Language Assets, not Limited Proficiency


You have probably heard the joke:
What do you call someone who speaks three languages? Tri-lingual.
What do you call someone who speaks two languages? Bi-lingual.
What do you call someone who speaks one language? American.

Although a joke, it elicits serious questions about whether United States residents, on average, fall below par on multi-lingual ability. It also perhaps relates to the perception that we Americans less often carry a passport than do the people of most other developed countries.

At a meeting this morning with government, foundation, and business leaders, Mayor RT Rybak asked: “Shouldn’t we start to view multi-lingual competency as an asset, rather than a deficit?” A child who speaks a language other than English may need a few years to master the English language. However, the Mayor wondered out loud, once having learned English, doesn’t this child and similar others offer our region some competitive advantages within the globalized economy in which we live?

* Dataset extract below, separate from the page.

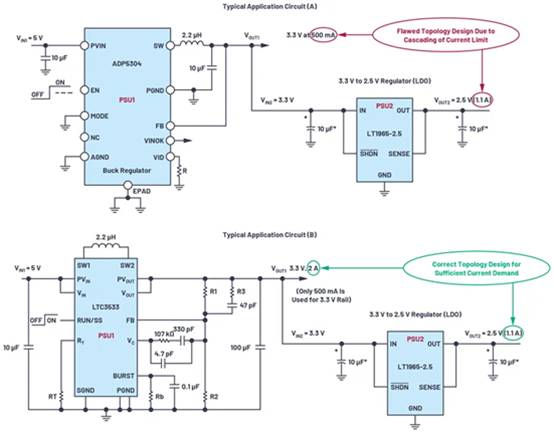 退出級聯(lián)階段時(shí),要避免限流情況。圖2所示為一個(gè)典型的級聯(lián)應(yīng)用:(A) 顯示由產(chǎn)生3.3 V電源,電流最大500 mA的ADP5304 降壓穩(wěn)壓器(PSU1)構(gòu)成的設(shè)計(jì)。為了提高效率,設(shè)計(jì)人員應(yīng)分接3.3 V電軌,而不是5 V輸入電源。3.3 V輸出被進(jìn)一步切斷,以為PSU2 (LT1965)供電,這款LDO穩(wěn)壓器用于進(jìn)一步將電壓降低至2.5 V,且按照板載2.5 V電路和IC的要求,將最大輸出電流限制在1.1 A。

Greater language facility means greater capacity to understand foreign markets, more ability to communicate with customers in different countries. It means that we can work more efficiently, with fewer errors and greater productivity, in endeavors that require collaboration among people on different parts of the globe.

Speaking two languages, some research suggests, can enhance the “executive function” of children’s brains – that is, the higher level abilities that influence other critical processes such as attention, memory, and motor skills. Executive function enables human beings to initiate and stop actions, to plan for the future, to adapt behavior to changing circumstances, and to form concepts and think abstractly.

Research has shown that students who speak two languages can more accurately solve problems involving misleading cues. In addition, research has indicated that people who know how to use multiple languages, and therefore must manipulate their minds to bring one language to the fore, depending on the situation, develop skills that can support other mental processes and social interaction. Evidence suggests that they can better resolve conflicts; they can more perceptively monitor their environment. A recent study in the Journal of Neuroscience even suggests that speaking two languages might prevent Alzheimer’s and other age-related declines in “neural efficiency for cognitive control processes.”

So, the Mayor may have some good insight. Perhaps all of us should pick up another language, if we want to stay healthy and live longer. And, we should appreciate the collective potential of a multi-lingual Twin Cities, as we move forward in the twenty-first century.

I once printed as many words as I could find in a couple of hours one morning, for the word “peace.” I will print them again:

Paix (French)
Paz (Spanish)
Frieden (German)
ειρήνη (Greek)
和平 (Chinese)
Vrede (Dutch)
Vrede (Afrikaans)
Pace (Italian)
平和 (Japanese)
평화 (Korean)
Paz (Portuguese)
мир (Russian)
أمان (طمأنينة) (Arabic)
Mir (Croatian)
ukuthula (Zulu)
àlàáfíà (Yoruba)
kev sib haum xeeb (Hmong)
nabad (Somali)


3 comments:

Anonymous said...

Brilliant, Paul, thank you for your inspiration!

Anonymous said...

Not only does it increase executive function, but also increases understanding of other cultures, as well as one's own. Language is the keyhole into another's worldview.

Anonymous said...

Yes. Culture matters. We're impressed by the cultural competence of Wilder Research. Keep up good work.